== Listed records ==
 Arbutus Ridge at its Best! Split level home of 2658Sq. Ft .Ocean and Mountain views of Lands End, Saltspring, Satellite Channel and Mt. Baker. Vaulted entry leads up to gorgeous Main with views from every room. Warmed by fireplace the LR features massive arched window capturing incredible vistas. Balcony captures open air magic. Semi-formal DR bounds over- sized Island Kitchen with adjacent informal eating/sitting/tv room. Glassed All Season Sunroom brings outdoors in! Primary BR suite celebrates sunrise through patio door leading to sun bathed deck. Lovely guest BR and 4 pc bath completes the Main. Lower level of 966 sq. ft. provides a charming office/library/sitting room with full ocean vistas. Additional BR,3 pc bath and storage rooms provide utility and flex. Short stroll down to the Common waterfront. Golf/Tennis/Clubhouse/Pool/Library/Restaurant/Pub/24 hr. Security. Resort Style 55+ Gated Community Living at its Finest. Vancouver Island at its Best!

...

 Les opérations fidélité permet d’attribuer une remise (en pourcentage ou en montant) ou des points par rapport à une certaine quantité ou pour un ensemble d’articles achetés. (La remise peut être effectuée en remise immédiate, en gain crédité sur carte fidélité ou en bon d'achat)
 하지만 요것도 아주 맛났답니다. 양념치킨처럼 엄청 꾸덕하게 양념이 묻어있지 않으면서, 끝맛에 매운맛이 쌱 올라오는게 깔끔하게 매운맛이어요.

--

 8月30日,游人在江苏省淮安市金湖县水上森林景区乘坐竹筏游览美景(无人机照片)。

== What you should do ==
From the entries above, give again exactly the lines running from the line with "Les opérations fidélité" to the line with "하지만 요것도 아주 맛났답니다."; include both of those lines.

== Solution for this task ==
 Les opérations fidélité permet d’attribuer une remise (en pourcentage ou en montant) ou des points par rapport à une certaine quantité ou pour un ensemble d’articles achetés. (La remise peut être effectuée en remise immédiate, en gain crédité sur carte fidélité ou en bon d'achat)
 하지만 요것도 아주 맛났답니다. 양념치킨처럼 엄청 꾸덕하게 양념이 묻어있지 않으면서, 끝맛에 매운맛이 쌱 올라오는게 깔끔하게 매운맛이어요.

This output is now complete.